### [Exercise requirements]
Please give the whole listing again word for word, and drop any pictures it holds.
══ Entries provided ══
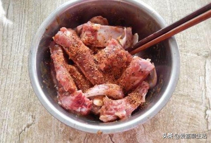 操作步骤:1,排骨浸泡出血水后,控干水分,放入大盆中,加入食盐,香葱,老姜,料酒,生抽,老抽,白糖,椒盐粉,抓拌均匀,腌制一小时入味。
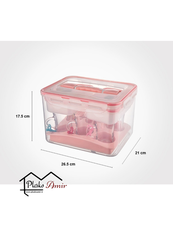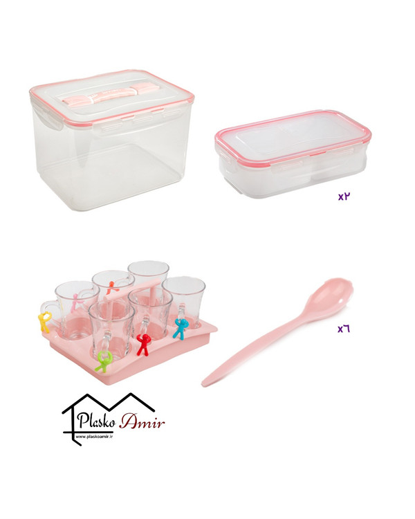 6 عدد فنجان با کیفیت ضد شوک 6 عدد نشان فنجان (اختصاصی افراد) 6 عدد قاشق چایخوری 2 عدد ظرف غذا 2 قسمتی جهت نگهداری قند و چای بیسکوییت 1 عدد سینی مخصوص 1 عدد باکس نگهدارنده
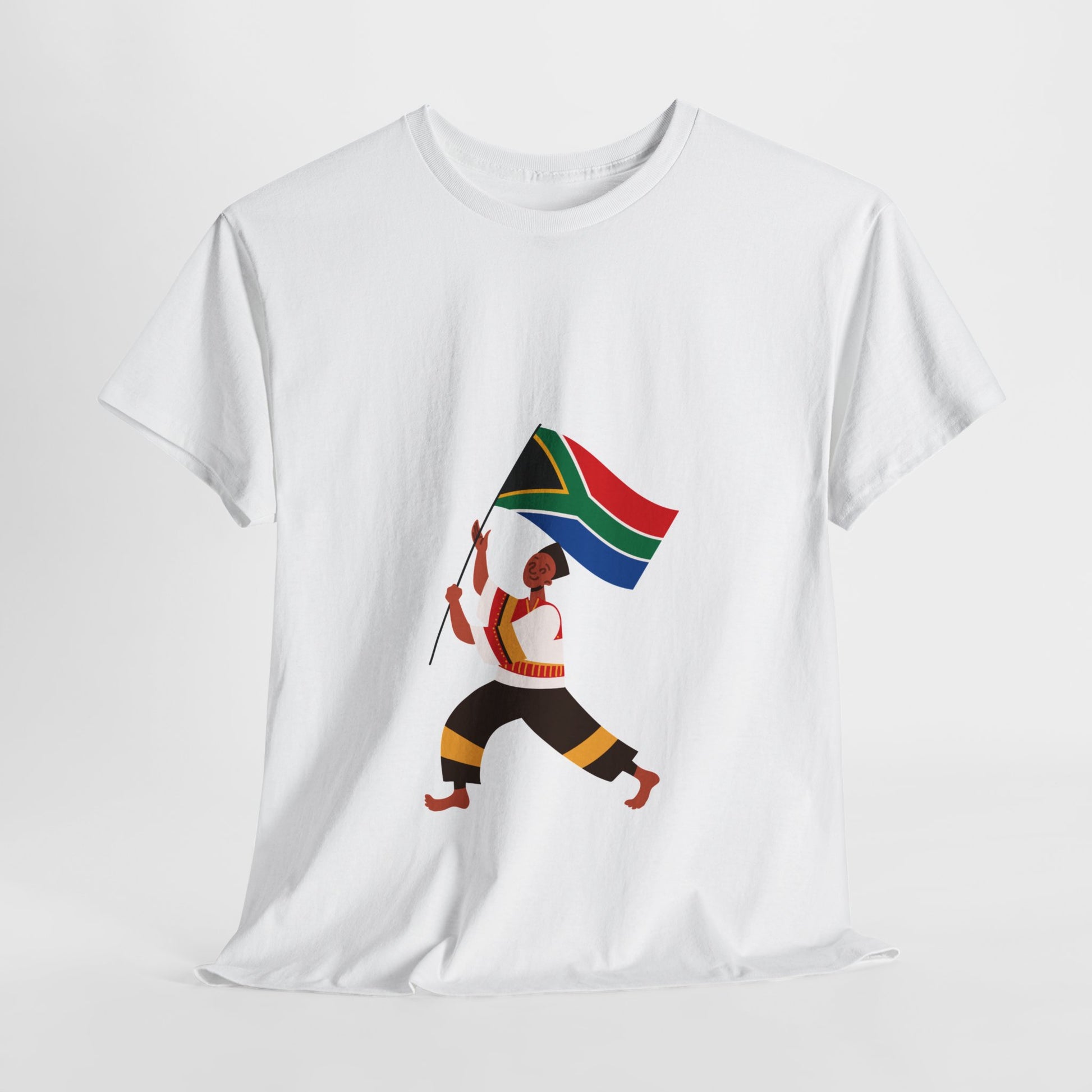 This classic fit tee features a dynamic image printed right on the front. It showcases a person proudly waving the South African flag, a symbol of unity and national pride. The bold design is sure to spark conversation and show your love for your country.
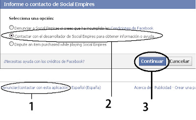 Después tipeamos donde dice Contactar con el desarrollador del Social Empires para obtener información o ayuda
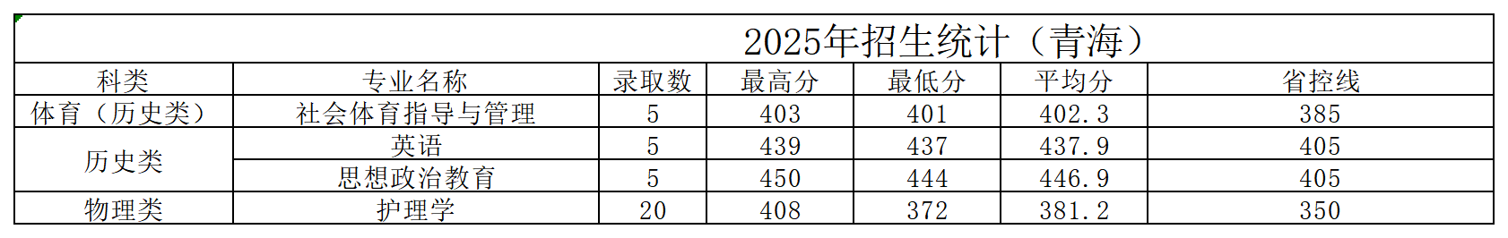 黄淮学院2025年青海省招生录取统计
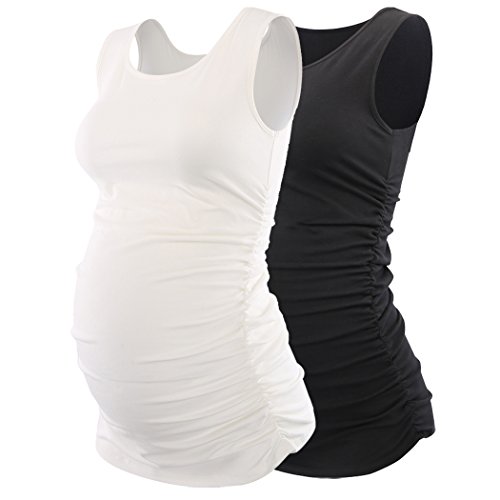 マタニティ授乳タンクトップ、KUCIレディース基本ベストSide Ruchedスクープネックノースリーブ妊娠チュニック母キャミ US サイズ: L
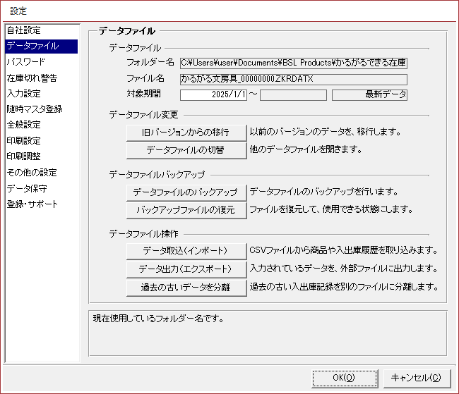 設定-データファイル
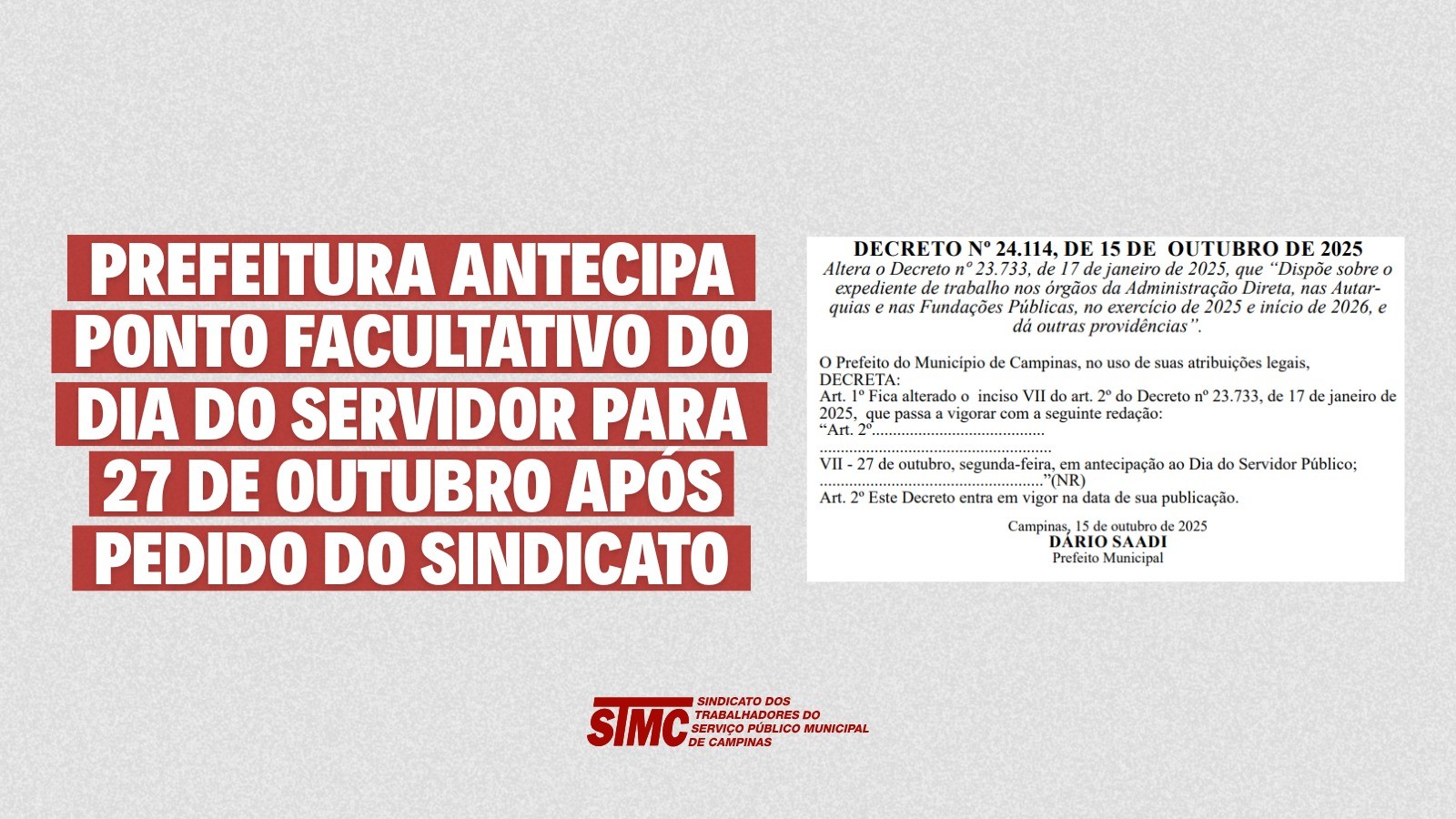 O Sindicato dos Trabalhadores do Serviço Público Municipal de Campinas (STMC) informa que CONQUISTAMOS a antecipação do ponto facultativo do Dia do Servidor de 28 de outubro (terça-feira) para 27, que é na segunda-feira. Dessa forma, os trabalhadores poderão emendar a comemoração da data que celebra a nossa categoria.
═══
### [Written reply]
 操作步骤:1,排骨浸泡出血水后,控干水分,放入大盆中,加入食盐,香葱,老姜,料酒,生抽,老抽,白糖,椒盐粉,抓拌均匀,腌制一小时入味。
 6 عدد فنجان با کیفیت ضد شوک 6 عدد نشان فنجان (اختصاصی افراد) 6 عدد قاشق چایخوری 2 عدد ظرف غذا 2 قسمتی جهت نگهداری قند و چای بیسکوییت 1 عدد سینی مخصوص 1 عدد باکس نگهدارنده
 This classic fit tee features a dynamic image printed right on the front. It showcases a person proudly waving the South African flag, a symbol of unity and national pride. The bold design is sure to spark conversation and show your love for your country.
 Después tipeamos donde dice Contactar con el desarrollador del Social Empires para obtener información o ayuda
 黄淮学院2025年青海省招生录取统计
 マタニティ授乳タンクトップ、KUCIレディース基本ベストSide Ruchedスクープネックノースリーブ妊娠チュニック母キャミ US サイズ: L
 設定-データファイル
 O Sindicato dos Trabalhadores do Serviço Público Municipal de Campinas (STMC) informa que CONQUISTAMOS a antecipação do ponto facultativo do Dia do Servidor de 28 de outubro (terça-feira) para 27, que é na segunda-feira. Dessa forma, os trabalhadores poderão emendar a comemoração da data que celebra a nossa categoria.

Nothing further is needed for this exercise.